An American Tail: Fievel Goes West
Relentlessly persecuted by New York's cat population, the immigrant Mousekewitz family head West in the hope of finding a better life.

by Matt Mueller |
Published on
Release Date:

22 Nov 1991

Running Time:

75 minutes

Certificate:

U

Original Title:

An American Tail: Fievel Goes West

The original American Tail, a fairly dull, lacklustre affair, now spawns a fairly dull and lacklustre sequel, albeit an inevitable one after the 1986 original became the highest-grossing animated feature of all time before The Little Mermaid rewrote the record books.

Two years on, the Russian Mousekewitz family are languishing in a poverty-ridden mouse tenement, struggling for that next bit of Swiss and dreaming of a better life. For adventurous tyke Fievel, this means heading to the American West and enforcing the law with his hero, rough, tough and gruff lawdog Wylie Burp, voiced by a very fragile-sounding James Stewart. And Fievel finally gets his wish when Cat R. Waul (one of the least dastardly animated villains ever, even with the slithering vocal talents of John Cleese) and his thuggish gang of tomcats flush the mice from their abodes.

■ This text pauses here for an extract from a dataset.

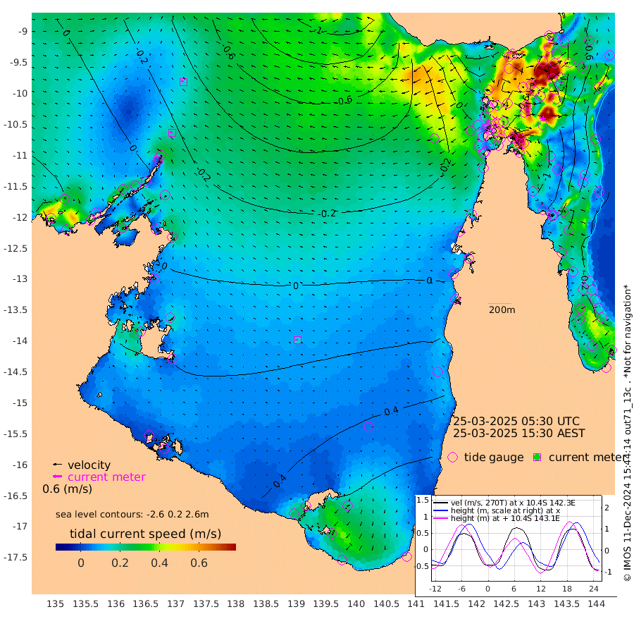 18cm/s -65T +3cm/s rms + 7cm/s -42T. ARA-GOC87 57m 15cm/s -88T +3cm/s rms + 2cm/s -2T. ARA-GOC87 60m 15cm/s -50T +2cm/s rms + 3cm/s 61T. ARA-GOC87 47m -106cm Daru -104cm Bobo Island -43cm Meer Island Barge -75cm Bramble Cay -102cm Unnamed Cay -98cm Pearce Cay -89cm Stephens Island -108cm Merrie England Shoals -122cm Mutacomal Reef -74cm Darnley Island Barge -53cm East Cay -88cm Yorke Island Barge -102cm Rennel Island -93cm Aureed Island -94cm Dungeness Reef -84cm Zagai Island -91cm Yam Island -31cm Dauan Island -41cm Saibai Island -27cm Phipi Reef -75cm Warrior Reef - West -63cm Mabuiag Island Barge -103cm Half Way Island -113cm Coconut Island -108cm Dugong Islet -105cm Poll Island -106cm Kirkcaldie Reef -97cm Suarji Island -98cm Sue Islet -60cm Hawkesbury Island -101cm Alert Patches -108cm Twin Island -57cm Badu Island -101cm St Pauls (Moa Island) -67cm Kubin (Moa Island) -88cm Ince Point -83cm Thursday Island -83cm Nardana Patches -64cm Turtle Head -56cm Round Island -51cm Goods Island -47cm Booby Island -63cm White Rocks Area -58cm Carpentaria -93cm Papou Point -60cm Bampfield Head -35cm Crab Island -57cm Red Wallis Island -68cm Packe Island -128cm Harrington Reef -39cm Herald Camp -26cm Sharp Point -61cm Red Island Point -76cm Possession Island -111cm Alpha Rock -116cm Frederick Point -127cm Wyborn Reef Light -128cm Tetley Island -50cm Triangle Reef -126cm Turtle Head Island -48cm Maclennan Cay -27cm Raine Island -95cm Mcsweeny Reef -82cm Collette Reef -46cm Shadwell Reef -89cm Hannibal Island -82cm Round Point -38cm Vrilya Point -70cm Cape Grenville -56cm Hicks Island -54cm Sir Charles Hardy Island -19cm Harvey Island -59cm Kay Reef -35cm Rocky Island -32cm Chapman Island -30cm Ham Reef -35cm Jubilee Reef -34cm Night Island -35cm Unnamed Reef No. 3 -39cm Morris Island -28cm 1st 3 Mile Opening -34cm Creech Reef -41cm Fife Island -31cm Eden Reef -39cm Stanley Island -47cm Normanby River -4cm Yabooma Island -1cm Hutchison River 5cm Elcho Island 7cm North West Crocodile Island -36cm Cape Wessel -25cm Stevens Island -25cm Guluwuru Island -6cm Hopeful Bay -22cm Auster Point -16cm Two Island Bay -7cm Cadell Strait -77cm Mallison Island -19cm Melville Bay (Gove Harbour) -29cm Truant Island -13cm Cape Arnhem 3cm Cape Grey 18cm Hawk Island 25cm Milner Bay (Groote Eylandt) 33cm Cape Beatrice 38cm West Island 44cm Centre Island 92cm Mornington Island 84cm West Wellesley Islands 118cm Bountiful Island 159cm Albert River Mouth 164cm Sweers Island 160cm Karumba 72cm Nassau River Offshore 44cm Christmas Creek 17cm Archer River -2cm Boyd Point 10cm Weipa (Humbug Point) -16cm Pennefather River -21cm Cullen Point

What should be a rollicking Wild West adventure instead derails into a major snoozefest for kids and adults alike as Fievel plods through his adventures in fairly predictable style, despite some fantastic chase sequences. Characters who might retain your, and your youngsters' fading interest - Chula the spider, voiced with appropriate menace by Jon Lovitz, and even Fievel's wimpy pal Tiger - are practically relegated to cameos.

The Wild West has rarely felt so drab, although there's just enough comic relief to save it from complete drudgery.